JOSS Validation Dossier

This dossier collects reviewer-facing evidence for StatsPAI's readiness as research software. It is intentionally factual and reproducible.

Project Status

Repository: https://github.com/brycewang-stanford/StatsPAI
Package archive: https://doi.org/10.5281/zenodo.19933900
PyPI: https://pypi.org/project/StatsPAI/
License: MIT, with a plain-text LICENSE file in the repository.
Current release at the time of this dossier: 1.16.0, released on 2026-05-29.
Public GitHub repository creation date: 2025-07-26.
Public repository activity signals as of 2026-06-01: 212 stars, 39 forks, 23 GitHub releases, and 1 public external user issue in addition to maintainer-created issue/PR activity.

Software Scope

StatsPAI exposes a unified Python interface for causal inference and applied econometrics. As of release 1.16.0, the registry reports 1,020 public functions across 81 submodules:

python scripts/registry_stats.py --check

The registry and schema layer are part of the public surface. They support programmatic discovery through sp.list_functions(), sp.describe_function(), and sp.function_schema().

Validation Assets

The repository includes several independent validation tracks:

Unit and integration tests across the main estimator families.
R parity modules under tests/r_parity/.
Stata parity modules under tests/stata_parity/.
Reference-parity checks under tests/reference_parity/.
Original-paper replay fixtures under tests/orig_parity/.
Monte Carlo coverage checks under tests/coverage_monte_carlo/.
Snapshot tests for publication-table output under tests/output_snapshots/.
Citation and bibliography audits under tools/.
Reviewer-facing offline examples under examples/.

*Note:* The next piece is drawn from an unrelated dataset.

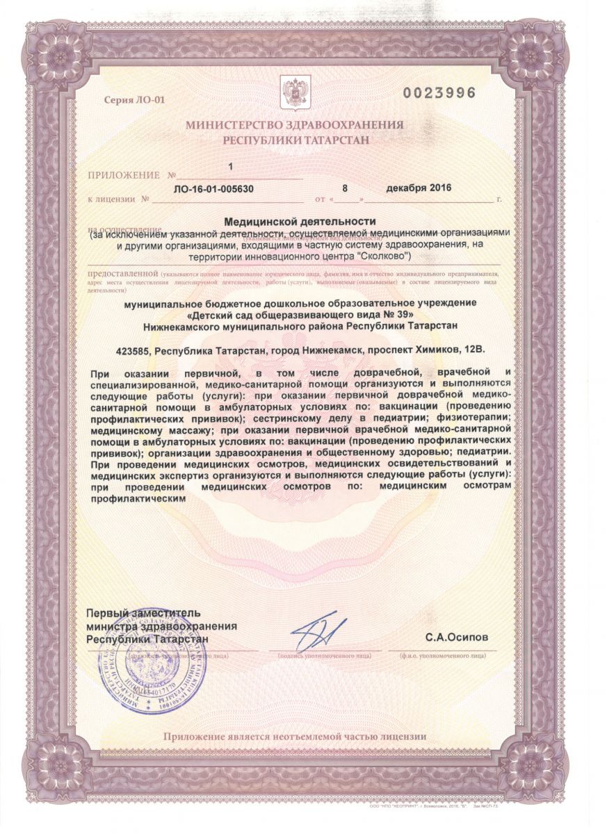 - Положение об организации медицинского обеспечения воспитанников в МБДОУ №39 НМР РТ

The archived local full-suite report records:

5200 passed, 98 skipped, 13 deselected, 1 xfailed, 2 xpassed

on Python 3.9.6 for the default local suite as of 2026-05-17. The exact report is stored in test_results_full_suite.md.

Parity And Replication Anchors

StatsPAI includes validation fixtures for common teaching and replication benchmarks, including:

Card-style returns-to-schooling IV estimates.
LaLonde / Dehejia-Wahba job-training benchmarks.
Lee-style close-election regression discontinuity.
Callaway-Sant'Anna difference-in-differences examples.
California Proposition 99 synthetic-control examples.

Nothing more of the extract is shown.